When I was a child, time moved slowly. I’d go out front and climb the tree that was in our yard. I felt like I was out there for hours when it was probably about thirty minutes. I was present. I wasn’t distracting myself with my own thoughts. I wasn’t worried about what I had done that day or what I still needed to do.
As I’ve gotten older, the time has sped up. Days go by quicker. Time is so easy to access. It’s in our cars, on our phones, and microwaves. We’re reminded throughout our days where we are in time. The more we’re reminded, the quicker the days go.
The other day, I felt time slow down. I was resting my eyes for an hour. I put my eye pillow over my eyes and settled into the darkness. I was listening to a New Yorker article that lasted one hour and eight minutes.
I probably spent the last thirty minutes of that sixty-eight minutes thinking the hour was almost up.
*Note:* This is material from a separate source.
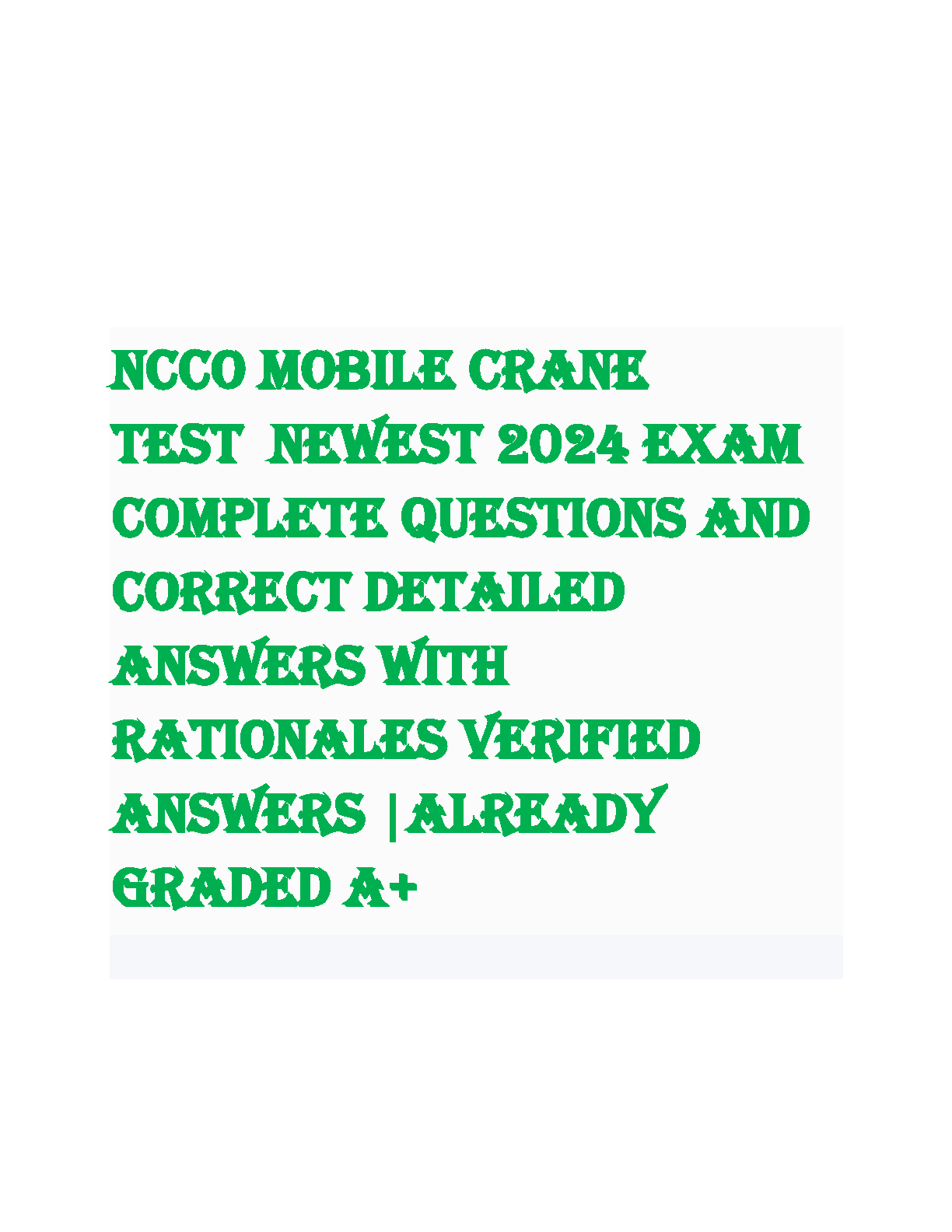Unlock success in your NCCCO Mobile Crane Operator certification with our premier 2024 exam study guide. This all-inclusive test bank provides a thorough compilation of the latest exam questions, complete with 100% accurate and verified answers. Each solution is explained with a detailed rationale, helping you not just memorize, but truly understand the core principles of mobile crane operation and safety. This resource is your key to acing the exam, building confidence, and achieving that A+ grade on your first attempt. Don't leave your certification to chance—prepare with the best!

But the article continued on and I kept guessing when would be over. Normally, I would give up before the hour was over because I would get restless. But every time I would adjust the pillow over my eyes, I would get hints of how bright the light was in my room. Then I’d relax into the comfort of the darkness.
For the first time, I welcomed the slowness of time. I trusted that the hour would be up eventually. And when it was I got up and walked to the bathroom to open up my eyes. I felt more relaxed than I had in a long time.